Quando propagamos uma mentira repetida muitas vezes, acaba sendo na visão de alguns verdade. O Brasil tem 60% de negros e tinha muito mais. No Cais do Valongo, no Rio de Janeiro, chegaram mais de cinco milhões de escravizados, a bordo de campos de concentração flutuantes, que eram os navios negreiros e que se espalharam pelo país todo. Atualmente, no Rio Grande do Sul, nós temos em torno de 20%, o mesmo percentual de negros que têm nos Estados Unidos. Lá, eles fazem tanto barulho que as pessoas pensam que é muito mais. O Dia da Consciência Negra começou em Porto Alegre e se espalhou por todo o país, sendo celebrado no dia 20 de novembro. Houve um fato que nunca foi abordado, existia um grande número de suicídios de negros que não aguentavam mais aquele sofrimento, devido a crueldade com que eram tratados.

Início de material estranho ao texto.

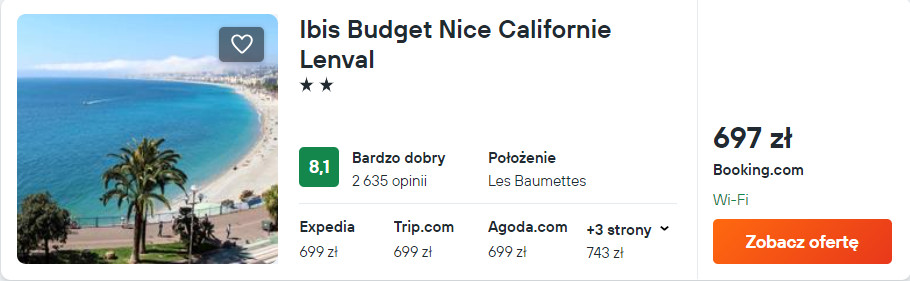 We Francji zatrzymasz się w hotelu Ibis Budget Nice Californie Lenval, który znajduje się tuż przy Promenadzie Anglików. Z lotniska w okolice miejsca noclegowego (przystanek Lenval Hôpital) dojedziesz tramwajem linii L2 za 1.5 EUR lub wypożyczonym samochodem – szczegóły poniżej.

Então, alguns fugiam para a fronteira do Uruguai, que hoje formam 5% da população, o mesmo acontecia na Argentina, que são 3%. É lógico que eles não pegariam essas pessoas e colocariam todas num navio para mandar embora, pois não gastariam com isso. Além do que, para eles os negros eram uma mão-de-obra barata. Eu posso estar errado, mas vejo como um mito.
Nas suas considerações finais, gostaria que o senhor falasse sobre a importância das cotas.
As cotas são uma ferramenta que o Brasil deveria se servir mais, não só para diminuir o fosso da desigualdade social. Elas vieram para ficar, os Estados Unidos aplicaram esse método, no governo Kennedy. Se for examinar as Câmaras Municipais, no Brasil, praticamente não encontramos negros. Isso acontece no Legislativo e no Executivo, porque todos os partidos políticos são racistas. Eles têm medo de que um negro ao ser candidato, se eleja. Nos casos de corrupção no país, dos últimos 20 anos, não encontramos nenhum negro envolvido. É possível encontrar o Joaquim Barbosa, que como juiz puniu a corrupção. Eu questiono, caso a política de cotas existisse no país a mais tempo, quantos “Joaquins Barbosa” não existiriam dentro do Judiciário brasileiro. Por mais que se diga que o país não tem racismo, basta examinar, por exemplo, as filas de emprego, nas segundas-feiras, a maioria ali é de negros. Quantos são admitidos? Houve uma época em que o setor que recrutava, botava um pontinho que era o símbolo para quando encaminhava para a empresa, a pessoa já sabia que aquele candidato era negro e nem chamava. Eu cito um exemplo meu, fiz um concurso de locutor numa grande Rádio no RS, na década de 70, onde inscreveram-se 700 candidatos. Eu fiquei em terceiro lugar e fui chamado pelo gerente, quando cheguei ele que já era branco, ficou mais branco ainda, perguntou se eu era o Antônio Carlos Côrtes. Conversou um pouquinho e pediu para eu aguardar, prometendo que me chamaria. Isso nunca aconteceu. Passou um tempo, eu fiz um concurso de apresentador de Televisão de um programa noticioso. No teste, tinha menos gente, uns 150 participantes. A equipe disse que fui o melhor. O gerente de programação pediu para aguardar a chamada e nunca chamou. Eu fui saber depois por um switch, meu amigo, que ele disse que o meu cabelo era muito grande. Eu usava um Black Power e sequer fui chamado para perguntar se concordaria em cortar o cabelo ou baixar um pouco ele. Com quantos acontecem exatamente isso? Esse é o racismo estrutural do nosso dia a dia.